Laura Wodward Shelter to Hazen’s Notch Camp
September 28, 2007
LT Miles – 9.5
Total LT Miles – 18.2
Extra Miles – 0
I lie around and eat pop-tarts. The rain diminishes.
Hopes for the sun to come out prove futile, so it looks as though it’ll be a moody ascent up Jay Peak.
The summit is one and a half miles to the south – all uphill.
The path from the shelter dips gently around a turn, where I’m greeted with the image below. The trees seem to say, “Good morning, welcome to another lovely day in our woods.”
The final section of the climb is mostly up these ski trails. It’s a strange world, wondering what lies beyond the inside of this cloud.
I meet three men doing some construction work to prepare for the imminent ski season. I hear them long before I see them.
One looks at me like I’m out of my mind, the second looks at me with mild curiosity, and the third looks with a glint of camaraderie. I ask them to take my picture. The third steps forward for the task.
The path follows the crest of Jay Peak above treeline for about 50 yards, then descends sharply into stunted fir trees. Going down the wet rocks is tricky, slow work – having to anticipate every footstep and butt-slide. This goes on endlessly, it seems.
I finally reach a lower elevation among hardwoods, for the first time in nearly 24 hours.
My knees don’t appreciate the long way down.
This is Atlas Valley Shelter – a bit of a scrappy place that was not built by the GMC. It’s near the Vt. 242 road crossing at Jay Pass.
There’s a loop trail to Jay Camp nearby, which I forego to skip the purposeless extra mileage.
The trail on the south side of Jay Pass brightens almost immediately. I snack on some Snickers bars and peanut butter as fuel for the rolling terrain ahead, and make my way up the gradual Gilpin Mountain.

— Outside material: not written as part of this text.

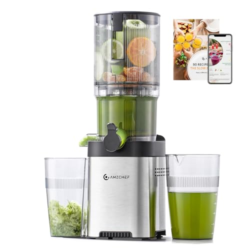 AMZCHEF Cold Press Juicer Machines, Slow Juicers with 118 MM Large Feed Chute for Whole Fruit and Vegetable, Durable Stainless Steel Juicer, Auto-cutting Auger, Double-Layer Filter

I’m loving hiking right now.
Upon inspection of the map, I discover the trail is leading me over three more peaks. First it was Gilpin Moutnain. Domey’s Dome, Buchanan Mountain, and Bruce Peak now block the way.
There are frequent, characteristically steep sections of trail.I take them as they come, and don’t particularly mind the terrain. The peaks consume the afternoon.
The upper elevations are still completely fogged in. Domey’s Dome is indeed an especially round, dome-shaped mountain. I wonder if it’s hollowed out, perhaps, and inhabited by a troll named Domey?
This is what switchbacks look like on The Long Trail. It winds back and forth like this throughout a particularly steep section.
Chet’s Lookout – absolutely no view from that rock today, but in a moment of brilliance I almost bust my butt trying to get up there anyway.
Bruce Peak fell from its limb.
It’s quite a drop from Bruce Peak, and another mile of small ups and downs before I reach Hazen’s Notch Camp – my destination for the evening.
I’m ready to call it a day after the recent, wearisome miles.
Here I meet Upload and Stitches, a middle-aged northbound couple from Michigan. They hiked the Appalachian Trail last year. He’s called Upload because he was always uploading to his online journal, and she’s called Stiches because she fell and had stitches on her forehead. We sit at the picnic table, prepare our dinners on our little hiker stoves, and shoot the breeze.
I’m grateful for the company – the last time I was in a similar setting – mingling about at a shelter with other hikers – was already five years ago.
The Professor rolls in just before dark – another northbound older gentleman. He’s a professor of “obscure and useless knowledge,” as he puts it, and used to work underwater on a submarine for weeks at a time.
Off to the side of the shelter there’s a picturesque fire ring, backed by a nearby mountain ridge – likely one I’ve just come down from.
The last half-hour before sunset finds us marveling at the brief appearance of sunlight shining on the ridge, but it’s gone in a moment. Raindrops fall on the metal roof of the shelter throughout the night.